*About this task*: Copy each of the following entries back without change.
==================================================
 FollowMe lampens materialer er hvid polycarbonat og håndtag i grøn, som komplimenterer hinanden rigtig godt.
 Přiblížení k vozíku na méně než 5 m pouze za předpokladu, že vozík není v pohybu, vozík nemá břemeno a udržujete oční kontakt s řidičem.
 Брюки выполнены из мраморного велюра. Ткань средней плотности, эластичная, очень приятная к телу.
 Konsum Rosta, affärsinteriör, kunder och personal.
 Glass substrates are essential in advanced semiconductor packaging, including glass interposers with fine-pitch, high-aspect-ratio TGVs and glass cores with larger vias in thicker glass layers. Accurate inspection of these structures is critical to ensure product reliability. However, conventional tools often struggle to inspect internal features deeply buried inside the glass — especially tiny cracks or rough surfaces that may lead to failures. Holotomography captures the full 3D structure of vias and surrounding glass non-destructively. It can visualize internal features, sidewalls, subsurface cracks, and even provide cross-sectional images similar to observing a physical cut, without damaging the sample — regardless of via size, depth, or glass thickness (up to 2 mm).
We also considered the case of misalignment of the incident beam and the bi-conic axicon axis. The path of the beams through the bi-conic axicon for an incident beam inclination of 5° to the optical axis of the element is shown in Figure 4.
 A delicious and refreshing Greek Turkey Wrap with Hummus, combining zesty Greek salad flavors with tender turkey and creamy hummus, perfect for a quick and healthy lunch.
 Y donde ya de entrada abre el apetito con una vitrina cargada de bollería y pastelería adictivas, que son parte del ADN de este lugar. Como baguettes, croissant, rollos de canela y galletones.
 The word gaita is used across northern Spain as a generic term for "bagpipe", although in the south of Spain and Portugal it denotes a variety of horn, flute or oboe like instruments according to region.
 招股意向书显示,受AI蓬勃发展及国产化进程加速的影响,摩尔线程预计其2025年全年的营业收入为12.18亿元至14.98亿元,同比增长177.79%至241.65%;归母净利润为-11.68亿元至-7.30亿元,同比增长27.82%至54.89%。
==================================================
*Task output*:
 FollowMe lampens materialer er hvid polycarbonat og håndtag i grøn, som komplimenterer hinanden rigtig godt.
 Přiblížení k vozíku na méně než 5 m pouze za předpokladu, že vozík není v pohybu, vozík nemá břemeno a udržujete oční kontakt s řidičem.
 Брюки выполнены из мраморного велюра. Ткань средней плотности, эластичная, очень приятная к телу.
 Konsum Rosta, affärsinteriör, kunder och personal.
 Glass substrates are essential in advanced semiconductor packaging, including glass interposers with fine-pitch, high-aspect-ratio TGVs and glass cores with larger vias in thicker glass layers. Accurate inspection of these structures is critical to ensure product reliability. However, conventional tools often struggle to inspect internal features deeply buried inside the glass — especially tiny cracks or rough surfaces that may lead to failures. Holotomography captures the full 3D structure of vias and surrounding glass non-destructively. It can visualize internal features, sidewalls, subsurface cracks, and even provide cross-sectional images similar to observing a physical cut, without damaging the sample — regardless of via size, depth, or glass thickness (up to 2 mm).
We also considered the case of misalignment of the incident beam and the bi-conic axicon axis. The path of the beams through the bi-conic axicon for an incident beam inclination of 5° to the optical axis of the element is shown in Figure 4.
 A delicious and refreshing Greek Turkey Wrap with Hummus, combining zesty Greek salad flavors with tender turkey and creamy hummus, perfect for a quick and healthy lunch.
 Y donde ya de entrada abre el apetito con una vitrina cargada de bollería y pastelería adictivas, que son parte del ADN de este lugar. Como baguettes, croissant, rollos de canela y galletones.
 The word gaita is used across northern Spain as a generic term for "bagpipe", although in the south of Spain and Portugal it denotes a variety of horn, flute or oboe like instruments according to region.
 招股意向书显示,受AI蓬勃发展及国产化进程加速的影响,摩尔线程预计其2025年全年的营业收入为12.18亿元至14.98亿元,同比增长177.79%至241.65%;归母净利润为-11.68亿元至-7.30亿元,同比增长27.82%至54.89%。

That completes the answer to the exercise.